Kimsey was a high school student when she conducted a survey of intertidal invertebrates of San Francisco Bay over 13 months from 1970–1971. She collaborated with James Carleton to identify 139 living insect species. The description of this legacy collection was published in 2021.

== Impact and legacy ==
In 2020, she became the 52nd recipient of the C. W. Woodworth Award from the Entomological Society of America.

Kimsey received the UCLA Senate Distinguished Scholarly Service Award in 2016.

As Director, Kimsey developed and expanded the Bohart Museum to reach over 7000 students through field trips and outreach events. Under her guidance, the Museum features a gift shop with an insect petting zoo.

In 2003, Kimsey's expertise in identifying insects on a rental car was instrumental for the FBI by providing evidence in the murder trial of Vincent Brothers. She identified insects that were consistent with two major automotive routes between California and Kansas; her data supported court testimony that the round trip drive accounted for the 4,500 miles on the rental car. This case revived interest in insects in forensic investigation.

Kimsey started an insect identification hotline for California residents to phone in to aid in insect identification and potentially, pest control measures. The hotline received about 10 calls per day at a charge of $3.00 for the first minute and $1 per minute thereafter.

Kimsey freely shares her expertise with the California Horticulture Society, among other local organizations.

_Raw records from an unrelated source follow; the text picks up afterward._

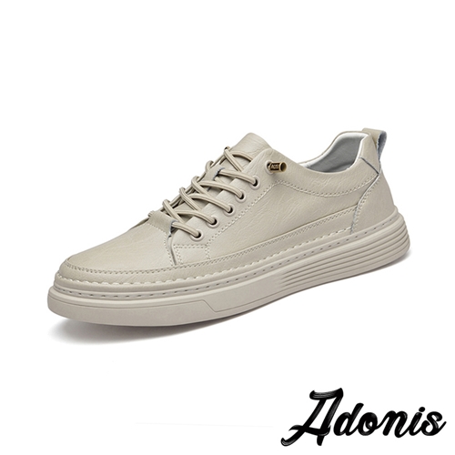 真皮潮流個性車線百搭厚底休閒鞋 板鞋 米*Adonis* |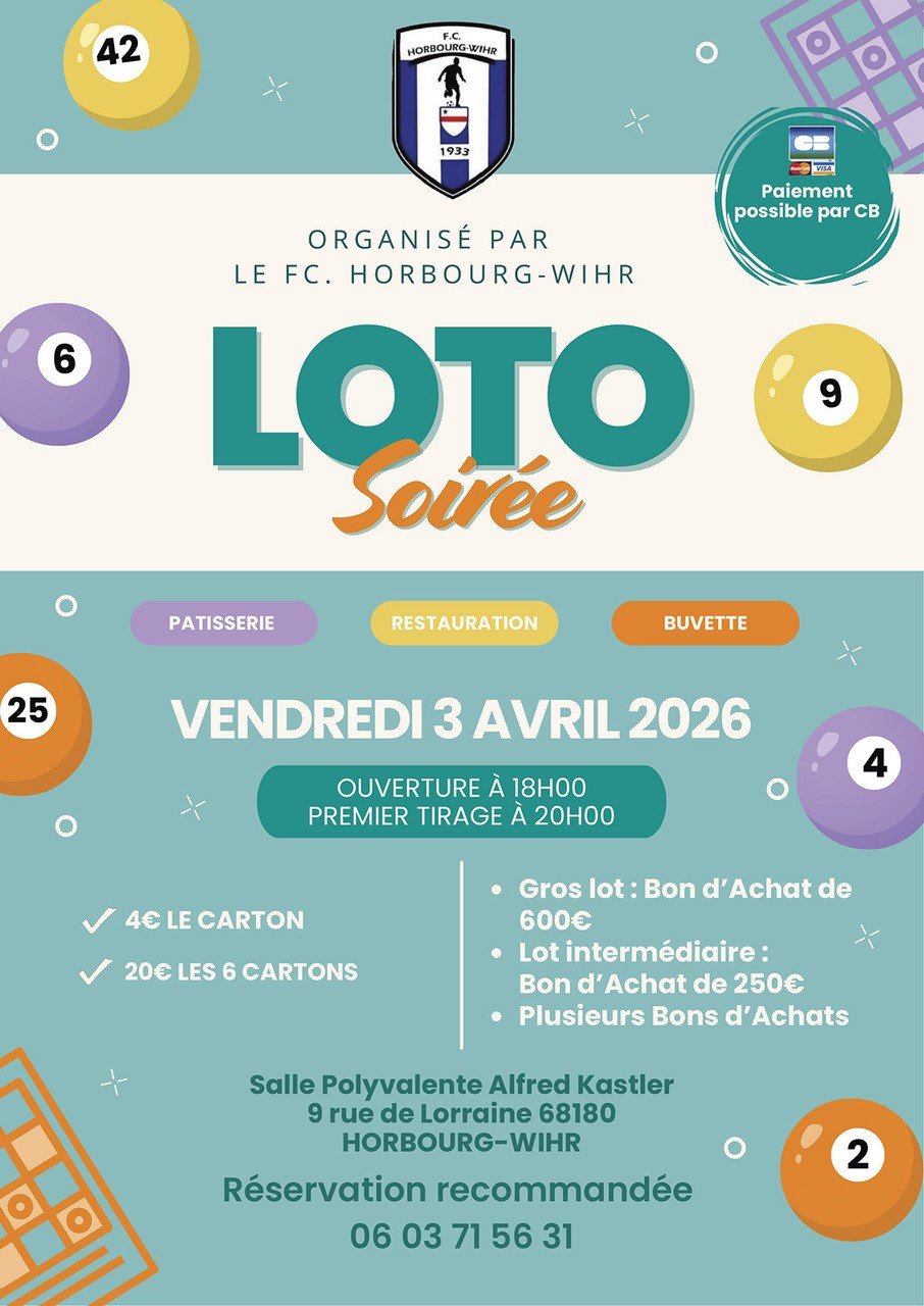 🎉 LOTO SOIRÉE – VENDREDI 3 AVRIL 2026 🎉 Par le F.C. Horbourg-WihrÂ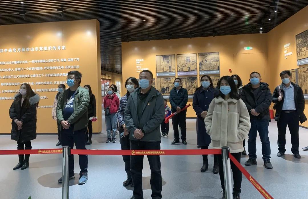 在中共山東省工作委員會舊址,黨員同志通過歷史圖片、文獻資料、實物陳列、聽取講解的方式,認真學習了在山東省委屢遭破壞、山東黨的工作長期失去統(tǒng)一領導的情況下,山東黨組織的創(chuàng)立和艱難的發(fā)展歷程。深刻領悟了以趙健民、劉仲瑩、鹿省三為代表的共產黨人,不屈不撓、前赴后繼、不怕犧牲、敢于擔當的革命精神。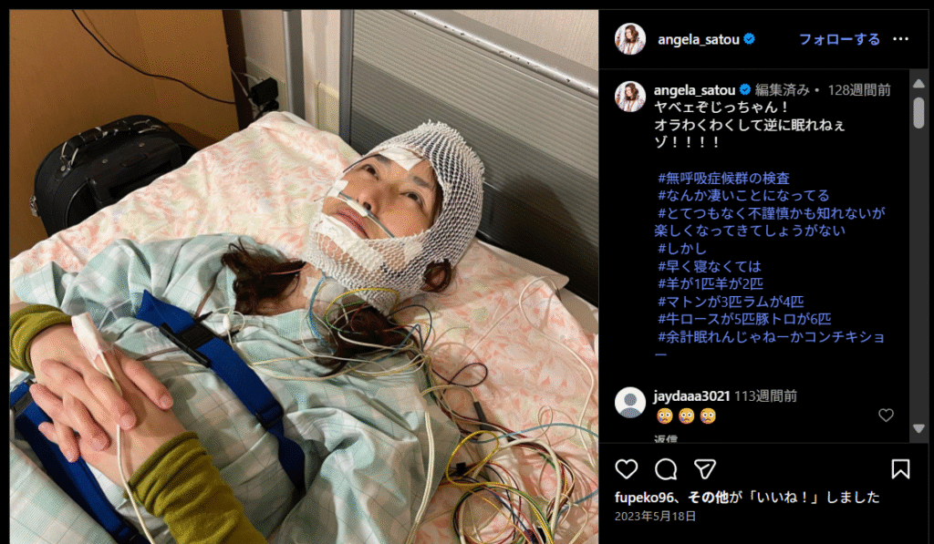 アンジェラ佐藤さんは、2023年5月に自身のInstagramを更新し、ベッドの上で多数のコードがつながれた写真を投稿しました。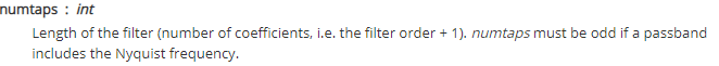 ์ฃผ์์ฌํญ์ผ๋ก ์ฐจ์๋ must be odd if a passband includes the Nyquist frequency๋ผ๊ณ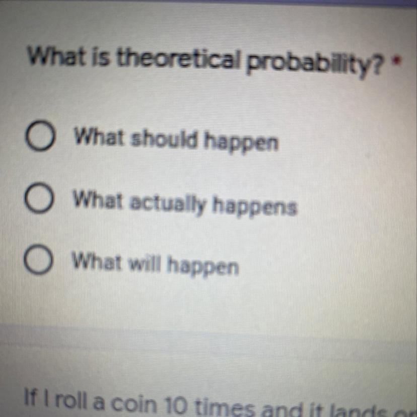 It is going to be this because for example theoretically a coin has a %50 chance of landing on heads or tails so if you flip it twice it should land on heads once and tails once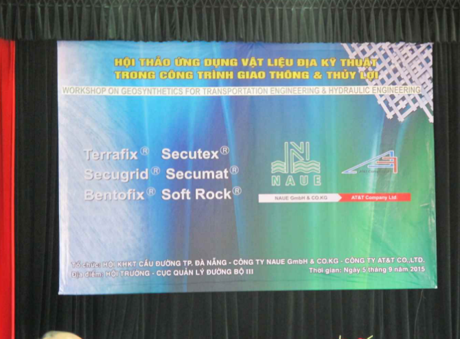 Công ty AT&T và NAUE GmbH phối hợp cùng Hội KHKT Cầu đường TP. Đà Nẵng tổ chức buổi hội thảo với chuyên đề : Ứng dụng vật liệu địa kỹ thuật trong công trình giao thông và thủy lợi vào ngày 5 tháng 9 năm 2015 tại Thành phố Đà Nẵng.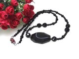 ・中白い線が入ったブラックオニキスのパーツを使ったネックレスです。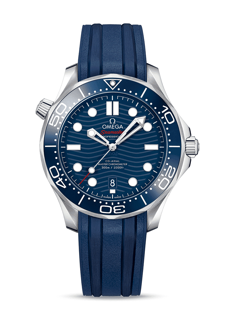 Siden 1993 har Seamaster Professional Diver 300M hatt en legendarisk tilhengerskare. Dagens kolleksjon har omfavnet den berømte tilknytningen til havet og oppdatert den med OMEGAs seneste design og innovasjoner. Denne 42 mm-modellen er laget av rustfritt stål og inkluderer en blå keramisk bezel med en dykkerskala i hvit emalje. Urskiven er også produsert i polert blå keramikk og har lasergraverte bølger og et datovindu plassert ved klokken 6. De uthulede viserne og hevede indeksene er rhodiumbelagte og er fylt med hvit Super-LumiNova, samtidig har heliumsventilen har fått en konisk design.

Kimsey is the only entomologist to work with the NASA SPLAT/Boeing group to research reduction in bug splats and increase fuel efficiency on aircraft. Partly as a result of her research, NASA engineers developed surfaces to repel bugs. Only a small number of species including flower flies, aphids, thrips, muscid flies, midges, mosquitoes and love bugs cause the bulk of the splats.

From 2010–2015, the USDA funded the California Insect Survey (CIS) which was transferred to UC Davis. Kimsey is currently editor of the Bulletin of the California Insect Survey.